本記事では、アウトバウンドコールを立ち上げる、または見直そうとしている営業責任者・インサイドセールス担当者に向けて、定義と種類、インバウンドとの違い、KPIの設計、成功のコツ、よくある課題の対策、電話以外の手段との組み合わせまでを、コールセンター事業者や営業支援メディアの公開情報(2026年9月4日確認)に基づいてまとめました。

この記事でわかること
・アウトバウンドコールの定義と、テレアポ・テレマーケティング・既存フォローなど5つの業務の違い
・インバウンドコール、アウトバウンド営業との違い
・架電数・コンタクト率・アポ率・後処理時間など、KPIの組み立て方と計算例
・人・システム・ハイブリッドの3つの実施方法と、外注を判断する基準
・つながらない、断られる、担当者が疲弊する、という3つの課題への対策

アウトバウンドコールとは?定義と5つの業務

アウトバウンドコールとは、企業から既存顧客や見込み客に対して電話を発信し、商品・サービスの販売、アポイントの設定、顧客フォロー、アンケート調査などを行う業務である。顧客からの電話を受けるインバウンドコールと対になる言葉で、企業側が発信者になる点が共通の特徴です。

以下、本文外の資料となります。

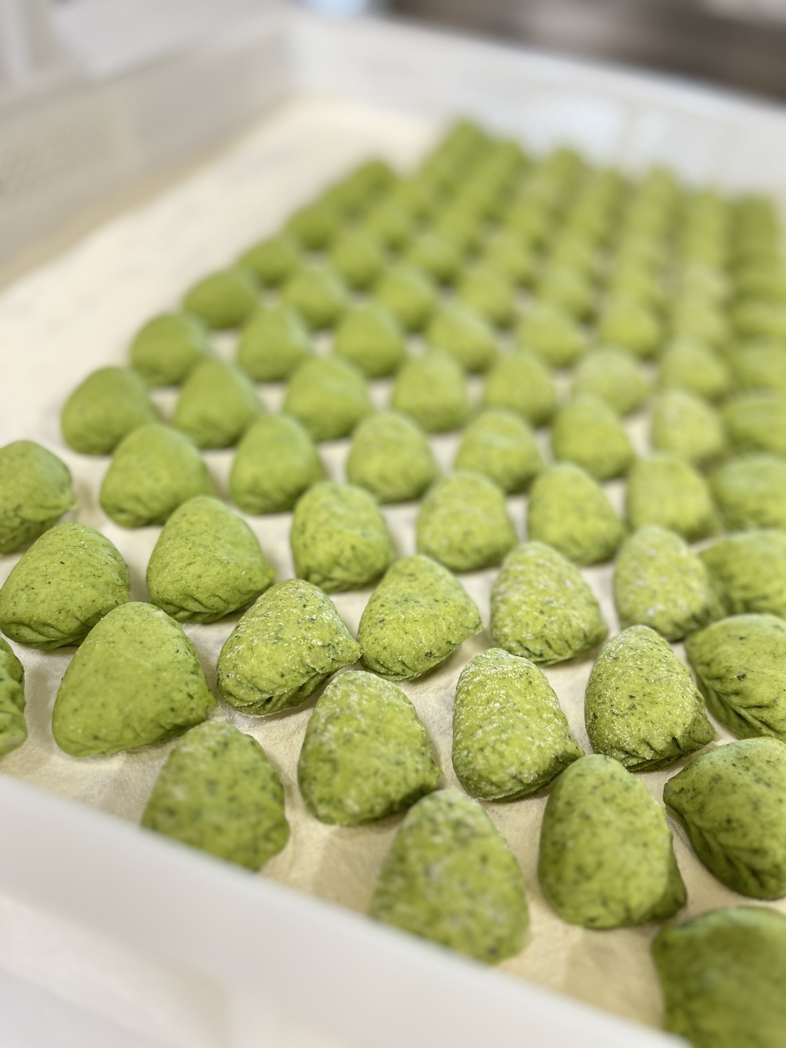 Una sfoglia di semola, spinaci e olio e.v.o. racchiude un cuore di patate e trifolati di carciofi, porcini o asparagi, tutti ingredienti di origine naturale!
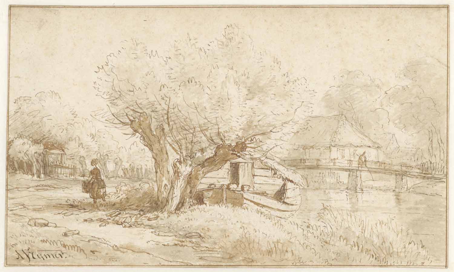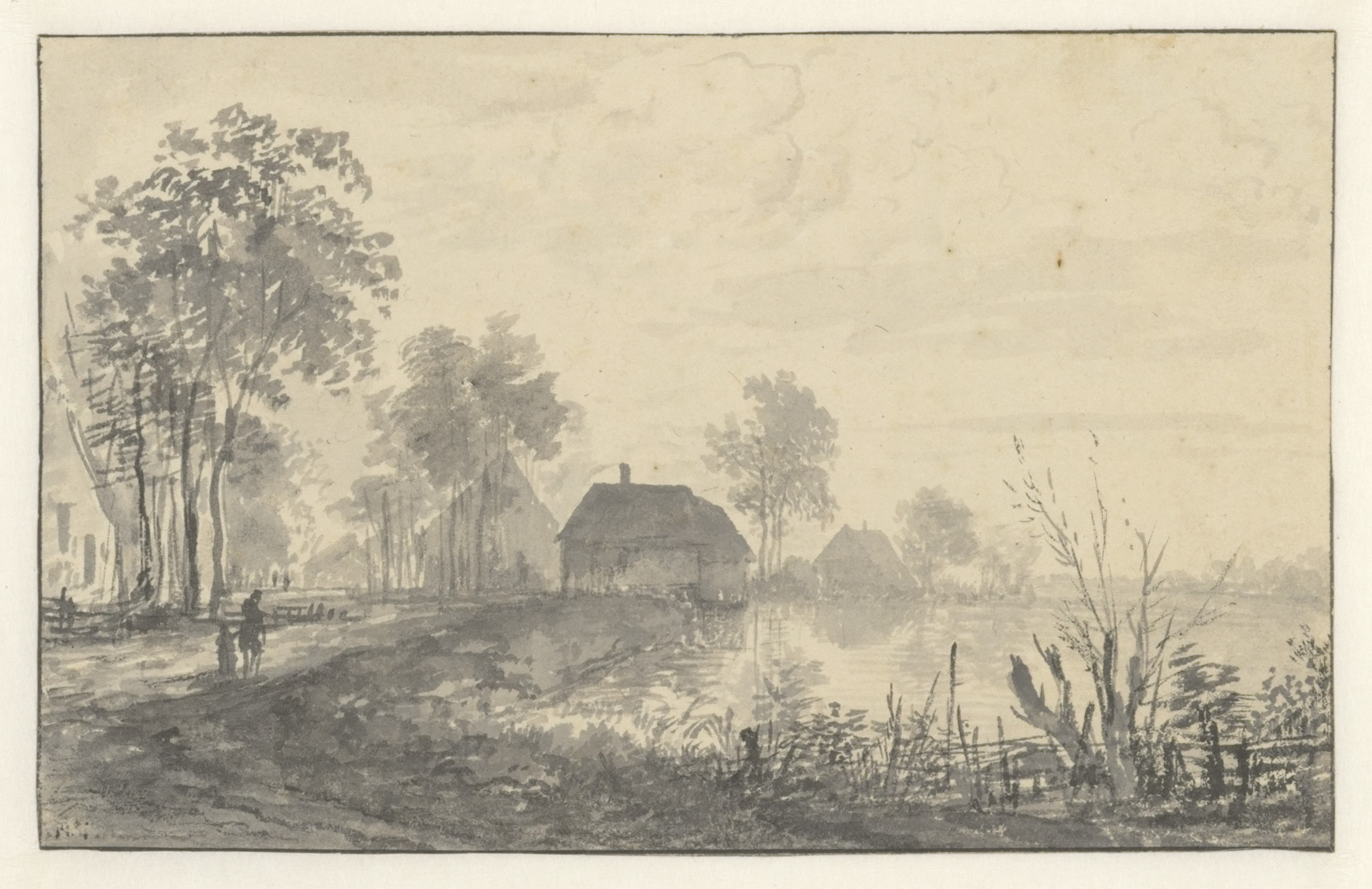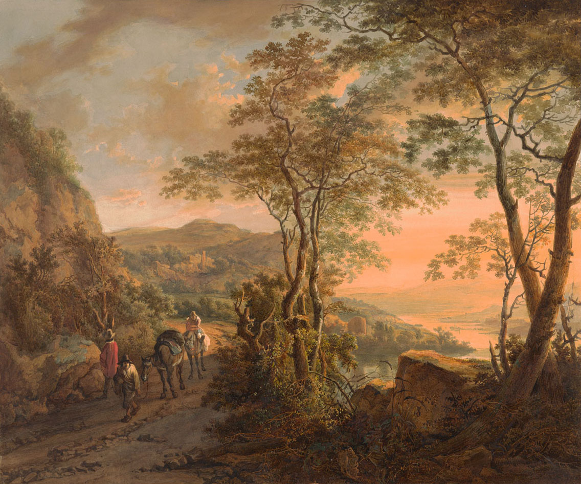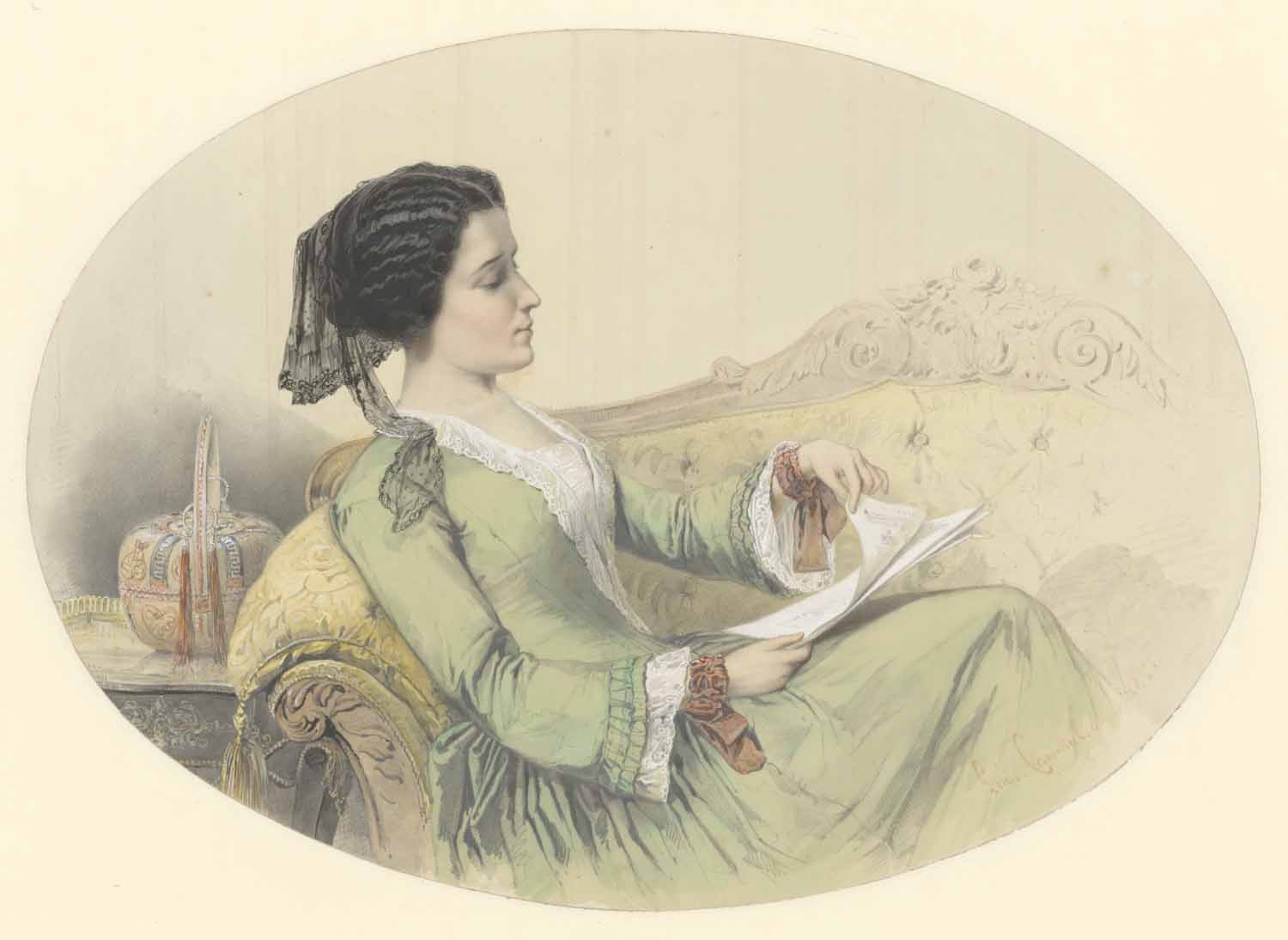 Eene laan, waarin een heer en eene dame met gevolg, ...
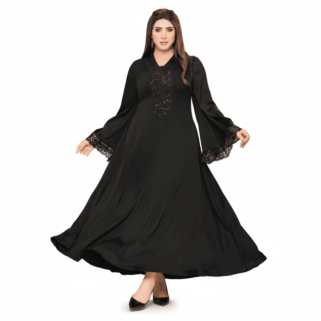 A sophisticated black flowing abaya designed for women who appreciate timeless elegance. This piece features a rich embroidered chest panel with subtle shine, complemented by lace-detailed wide sleeves that add a soft feminine touch.

アウトバウンドコールに含まれる業務は、目的によって5つに分かれます。同じ「電話をかける」でも、KPIも必要なスキルも異なります。

業務相手目的主なKPI
テレアポ(テレフォンアポイント)新規の見込み客商談の日程を取るアポ獲得率
テレマーケティング新規・既存電話で販売まで完結する成約率
既存顧客フォロー既存顧客解約防止・追加提案継続率・アップセル率
電話調査顧客・一般満足度・ニーズの把握回答率
督促・案内既存顧客支払い・手続きの案内回収率・完了率

BtoBの新規開拓で「アウトバウンドコール」と言う場合、ほとんどはテレアポを指します。本記事もテレアポを中心に扱いますが、KPIの考え方や課題の対策は他の業務にも共通します。

インバウンドコールとの違い

インバウンドコールとアウトバウンドコールの違いは、発信者が顧客か企業かという点にあり、この違いが相手の温度感・必要なスキル・KPIのすべてを変える。

比較軸インバウンドコールアウトバウンドコール
発信者顧客企業
相手の状態用件があって電話してきている用件がなく、電話を待っていない
主な目的問い合わせ対応・受注・クレーム対応新規獲得・既存フォロー・調査
必要なスキル正確な回答・傾聴短時間で関心を引く・断りへの切り返し
KPI応答率・解決率・平均処理時間架電数・コンタクト率・アポ率
担当者の負荷件数の波に左右される断られ続ける心理的負荷

アウトバウンドでは、相手は電話を待っていません。最初の10秒で「誰が、何のために、どれくらいの時間を取るのか」を伝えられないと切られます。インバウンドで成果を出していた担当者が、アウトバウンドでは苦戦することが多いのは、このスキルの違いによります。

アウトバウンド営業との違い

アウトバウンド営業は企業側から仕掛ける営業手法の総称で、アウトバウンドコールはそのうち電話で行うものを指す。アウトバウンド営業には、電話のほかに、問い合わせフォーム営業、メール、DM、飛び込み訪問、展示会での声かけなどが含まれます。手法の全体像はアウトバウンド営業の解説記事で整理しています。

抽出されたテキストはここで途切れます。